ETF VIG: o que é, composição, características

Conheça o Vanguard Dividend Appreciation ETF (VIG). Entenda como este fundo seleciona empresas americanas com histórico de 10 anos de crescimento em dividendos, unindo solidez, baixo custo e exposição ao dólar!

11 de maio de 2026 - por Sidemar Castro


O Vanguard Dividend Appreciation ETF (VIG) é um fundo de índice (ETF) listado nos Estados Unidos. Ele é focado em empresas que não apenas pagam dividendos, mas têm um histórico consistente de aumentar esses pagamentos ao longo do tempo.

Lançado em 2006, é uma das opções mais populares para investidores focados em dividendos com crescimento no longo prazo e qualidade. Entenda sua composição e característica neste artigo.

Veja também: ETFs: o que são, como funcionam e como investir nesses fundos?

O que é o Vanguard Dividend Appreciation (VIG)?

O VIG é um ETF criado pela Vanguard em 2006, e o nome dele já entrega a proposta: Dividend Appreciation quer dizer “valorização dos dividendos”. Traduzindo de um jeito simples: ele não sai caçando as ações que pagam os maiores proventos do momento, mas sim aquelas empresas que têm o hábito de aumentar o que pagam ano após ano. É uma estratégia de constância, não de atirar para o alto.

Na prática, o VIG replica um índice chamado S&P U.S. Dividend Growers Index, que só aceita empresas americanas com pelo menos dez anos seguidos de aumento nos dividendos. É uma régua bem alta, que filtra negócios consistentes e bem administrados. Com isso, o fundo acaba reunindo cerca de 340 empresas de grande porte, num patrimônio gigante de mais de 100 bilhões de dólares.

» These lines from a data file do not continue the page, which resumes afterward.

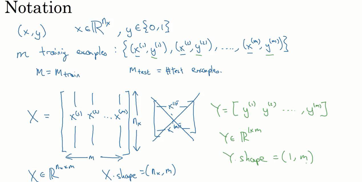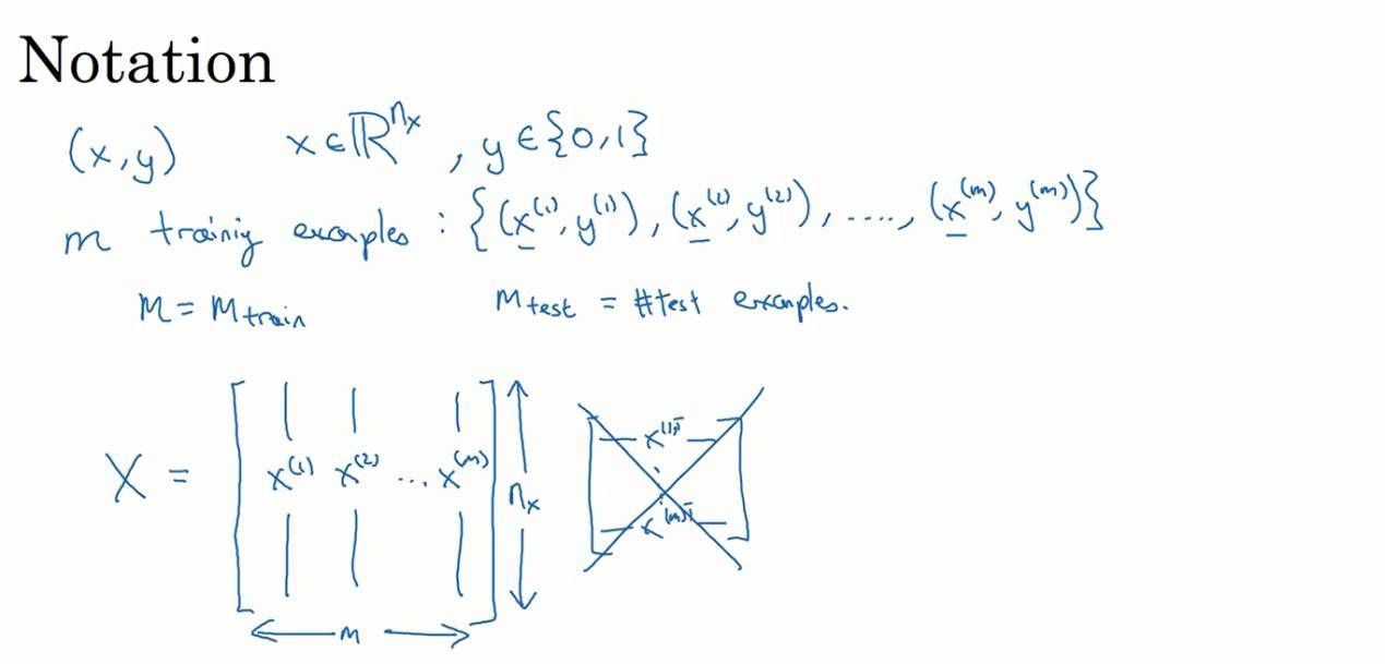 当你在后面的课程中实现神经网络的时候,你会发现,一个好的符号约定能够将不同训练样本的数据很好地组织起来。而我所说的数据不仅包括 x 或者 y 还包括之后你会看到的其他的量。将不同的训练样本的数据提取出来,然后就像刚刚我们对 x 和 y 所做的那样,将他们堆叠在矩阵的列中,形成我们之后会在逻辑回归和神经网络上要用到的符号表示。如果有时候你忘了这些符号的意思,比如什么是 m,或者什么是 n,或者忘了其他一些东西,我们也会在课程的网站上放上符号说明,然后你可以快速地查阅每个具体的符号代表什么意思,好了,我们接着到下一个视频,在下个视频中,我们将以逻辑回归作为开始。
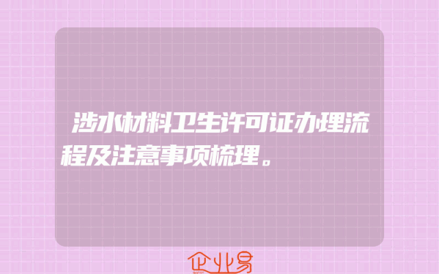 - 涉水材料卫生许可证办理流程及注意事项梳理。
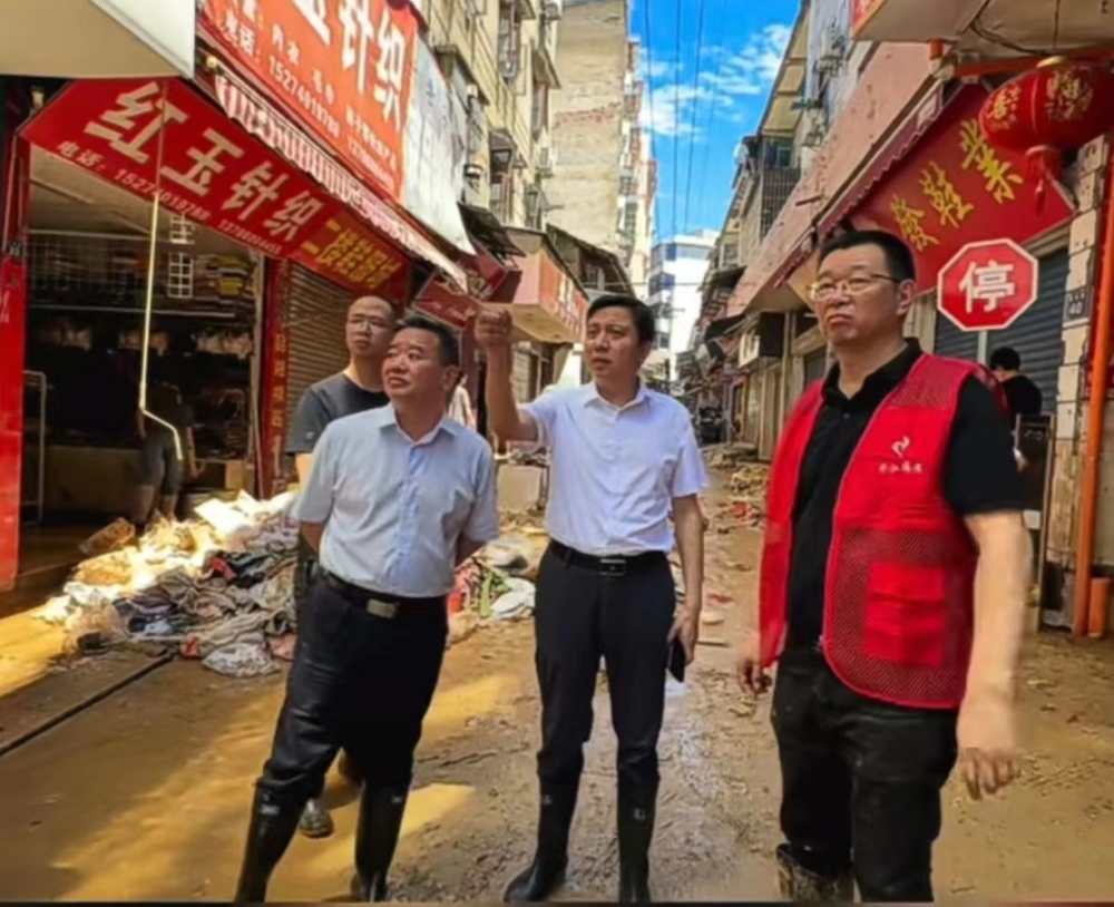 随后,邓文军一行来到平江县农产品批发市场,涉水查看地下层渍水抽排情况,详细了解市场商户受损及农产品保供情况,并代表省社党组、省供销集团、省财贸医院向平江县供销系统捐赠水、方便面、牛奶、消毒液等救灾物资。

Um ponto curioso sobre o VIG é a sua composição. Você pode pensar: “Ah, é um fundo de dividendos, então deve ter muitas empresas de energia, bancos tradicionais, coisas assim”. Mas não é bem assim. Por causa da regra dos dez anos de aumento, gigantes da tecnologia como Apple, Microsoft e Broadcom acabam entrando na carteira e tendo um peso considerável. Isso torna o VIG um híbrido interessante: ele oferece empresas de qualidade que pagam dividendos crescentes, mas sem abrir mão do potencial de crescimento que a tecnologia proporciona.

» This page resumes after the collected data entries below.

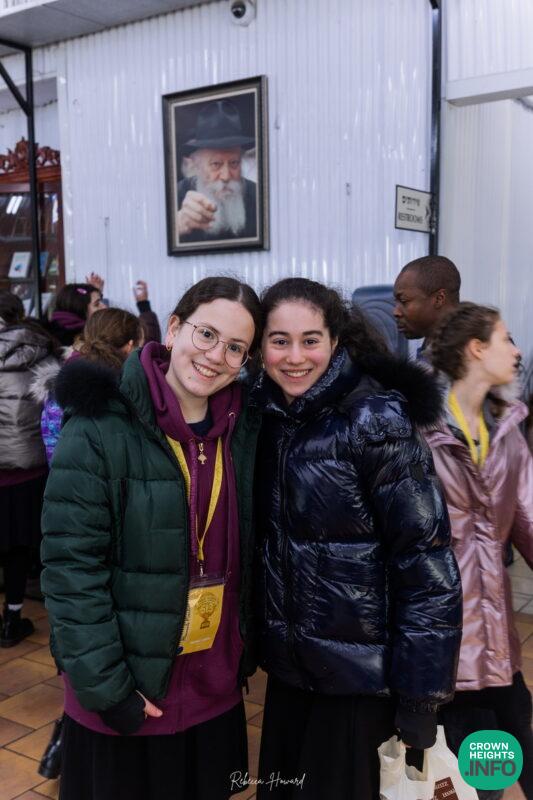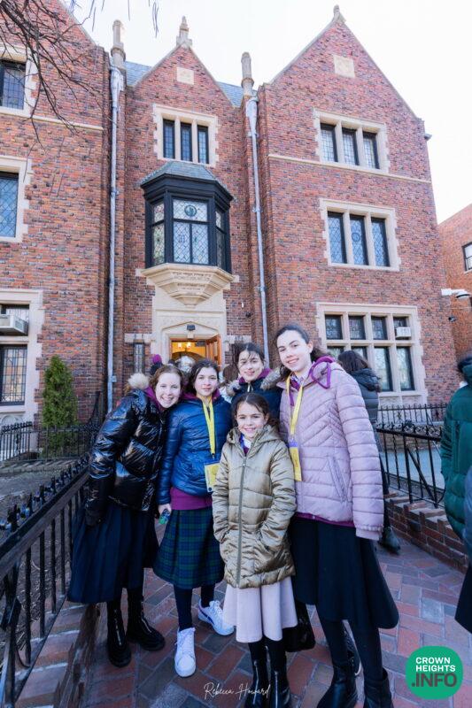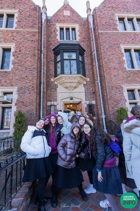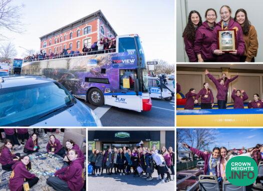 Open air buses transported the girls back to Crown Heights with much cheering and excitement. The girls visited the Rebbe’s room and davened Mincha in 770.
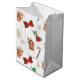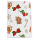 Festive Christmas gift bag that features snowflakes, candy canes, gingerbread houses, bows, and Christmas stockings.
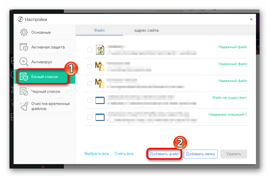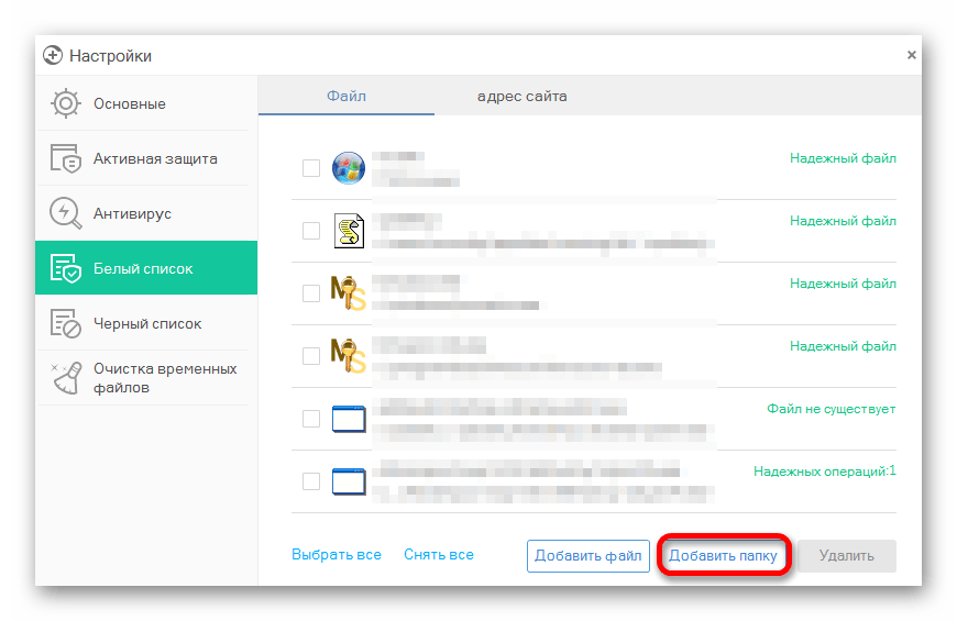 Подробнее: Добавляем элементы в список исключений Avira

Importante destacar que o VIG é gerido de forma passiva. Não tem ninguém tentando vencer o mercado com jogadas ousadas; o fundo apenas compra as empresas que estão no índice e mantém elas na mesma proporção. Isso mantém os custos lá embaixo e elimina o risco de o gestor errar a mão.

Leia mais: Dividendos: o que são, como funcionam e como receber?

Como funciona o ETF VIG?

O ETF VIG funciona comprando ações de empresas americanas que têm o hábito de aumentar seus dividendos todo ano há pelo menos uma década. Ele não tenta adivinhar quais ações vão se sair melhor; simplesmente copia um índice chamado S&P U.S. Dividend Growers Index, mantendo as mesmas empresas na mesma proporção.

Quando essas empresas pagam dividendos, o VIG acumula tudo e repassa aos cotistas a cada três meses. É um trabalho bem simples e mecânico, feito para investidores que não querem ter o trabalho de escolher ações uma por uma.

Tributação e aspectos fiscais

Para um brasileiro investir no VIG, é preciso estar atento a duas cobranças principais.

Na primeira, o governo dos Estados Unidos retém 30% de todos os dividendos que você receberia, antes mesmo de o dinheiro cair na sua conta.

Depois, quando você vender suas cotas com lucro aqui do Brasil, terá que pagar 15% de imposto sobre o ganho de capital para a Receita Federal.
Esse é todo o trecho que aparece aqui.